Start of Extracted material

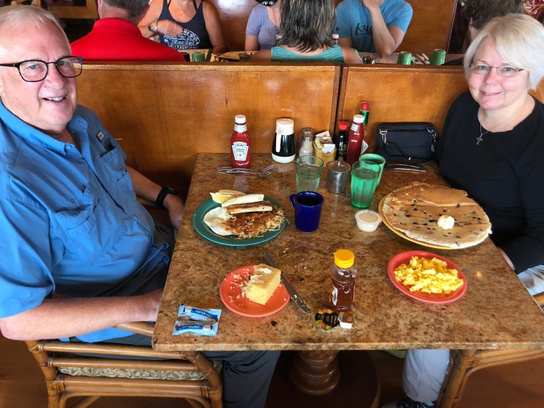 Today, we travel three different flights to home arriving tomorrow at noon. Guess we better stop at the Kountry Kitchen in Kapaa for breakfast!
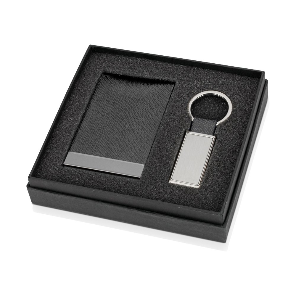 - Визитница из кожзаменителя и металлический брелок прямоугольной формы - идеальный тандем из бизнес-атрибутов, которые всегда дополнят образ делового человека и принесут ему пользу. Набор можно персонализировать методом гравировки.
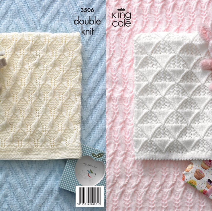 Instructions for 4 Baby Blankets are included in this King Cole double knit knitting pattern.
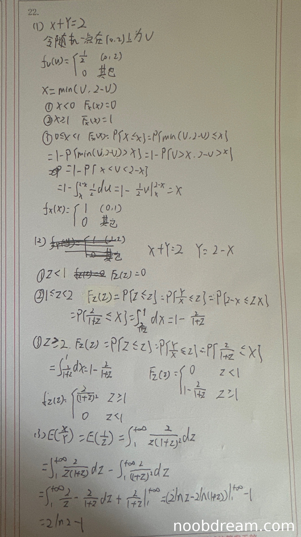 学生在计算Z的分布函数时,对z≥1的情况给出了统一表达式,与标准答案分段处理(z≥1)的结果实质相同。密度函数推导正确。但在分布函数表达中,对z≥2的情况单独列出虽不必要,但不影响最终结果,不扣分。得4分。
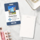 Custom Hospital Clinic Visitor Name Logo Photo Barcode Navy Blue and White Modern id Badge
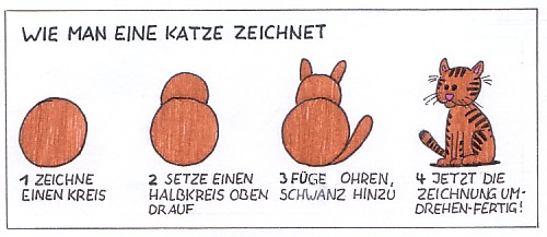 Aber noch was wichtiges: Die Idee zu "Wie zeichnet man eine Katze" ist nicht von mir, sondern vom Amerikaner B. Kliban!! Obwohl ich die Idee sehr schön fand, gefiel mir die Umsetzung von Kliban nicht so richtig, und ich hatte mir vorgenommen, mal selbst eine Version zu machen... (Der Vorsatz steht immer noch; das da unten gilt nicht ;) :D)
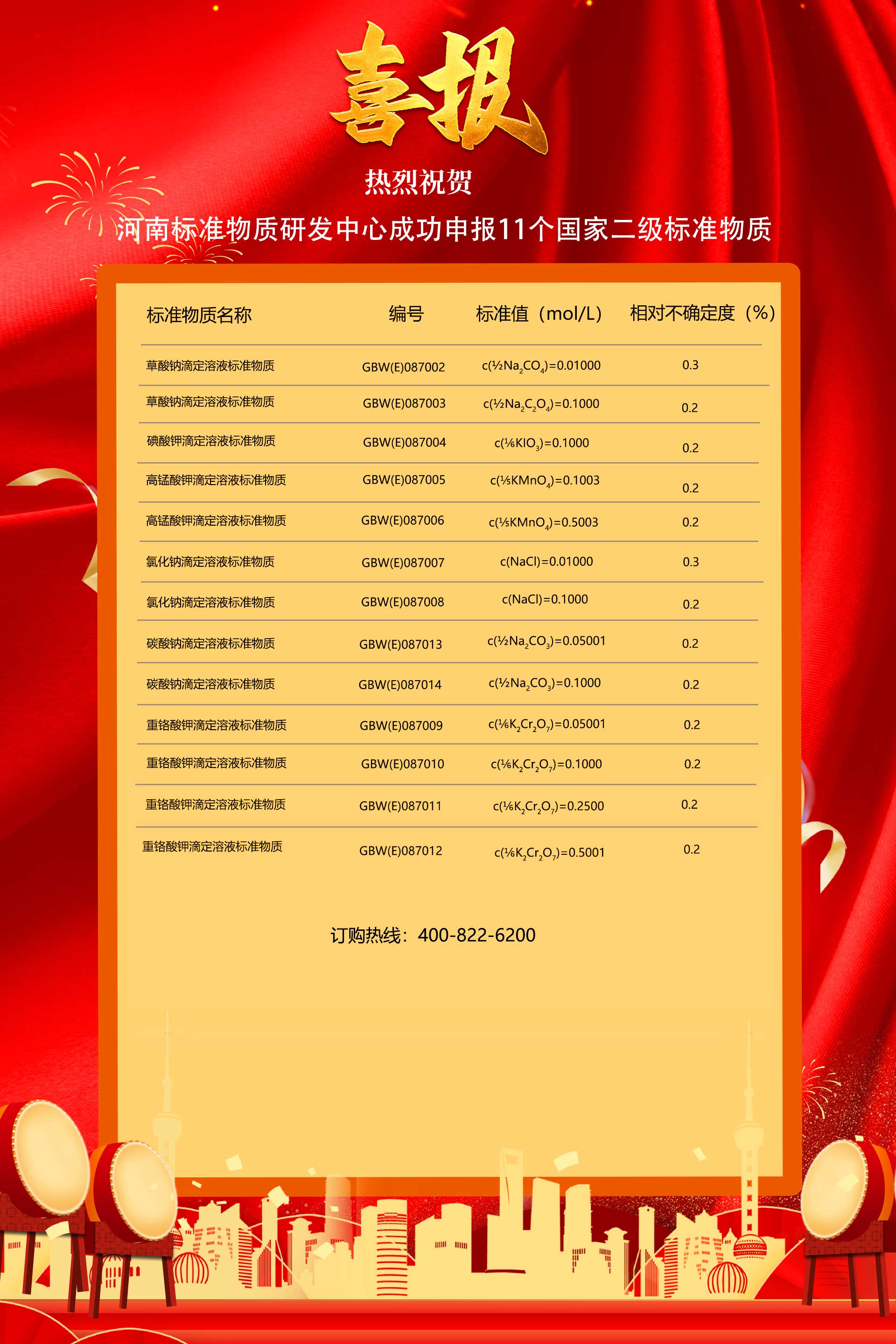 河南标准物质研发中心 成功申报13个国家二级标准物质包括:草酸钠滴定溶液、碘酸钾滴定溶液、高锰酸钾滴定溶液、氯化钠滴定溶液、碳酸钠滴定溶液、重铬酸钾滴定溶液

End of Extracted material
Start of Extracted material

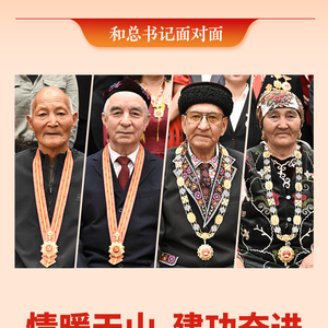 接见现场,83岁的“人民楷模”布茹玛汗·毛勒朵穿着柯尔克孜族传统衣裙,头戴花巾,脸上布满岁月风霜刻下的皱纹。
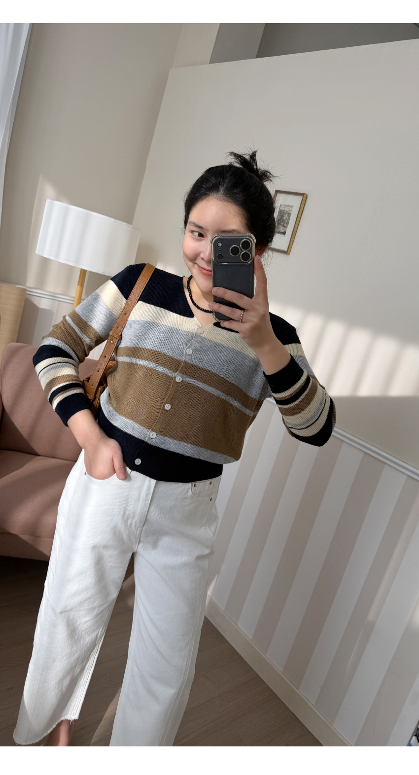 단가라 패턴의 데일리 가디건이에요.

End of Extracted material
Start of Extracted material

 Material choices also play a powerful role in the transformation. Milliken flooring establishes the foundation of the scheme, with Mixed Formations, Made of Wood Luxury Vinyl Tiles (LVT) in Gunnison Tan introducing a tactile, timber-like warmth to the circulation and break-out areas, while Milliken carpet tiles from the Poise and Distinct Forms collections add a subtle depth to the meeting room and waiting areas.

End of Extracted material

# [About this exercise]
The copy should hold only the lines from the one with "Instructions for 4" through the one with "河南标准物质研发中心 成功申", exactly as they stand above. Leave out the pictures.

# [Output for this exercise]
 Instructions for 4 Baby Blankets are included in this King Cole double knit knitting pattern.
 学生在计算Z的分布函数时,对z≥1的情况给出了统一表达式,与标准答案分段处理(z≥1)的结果实质相同。密度函数推导正确。但在分布函数表达中,对z≥2的情况单独列出虽不必要,但不影响最终结果,不扣分。得4分。
 Custom Hospital Clinic Visitor Name Logo Photo Barcode Navy Blue and White Modern id Badge
 Aber noch was wichtiges: Die Idee zu "Wie zeichnet man eine Katze" ist nicht von mir, sondern vom Amerikaner B. Kliban!! Obwohl ich die Idee sehr schön fand, gefiel mir die Umsetzung von Kliban nicht so richtig, und ich hatte mir vorgenommen, mal selbst eine Version zu machen... (Der Vorsatz steht immer noch; das da unten gilt nicht ;) :D)
 河南标准物质研发中心 成功申报13个国家二级标准物质包括:草酸钠滴定溶液、碘酸钾滴定溶液、高锰酸钾滴定溶液、氯化钠滴定溶液、碳酸钠滴定溶液、重铬酸钾滴定溶液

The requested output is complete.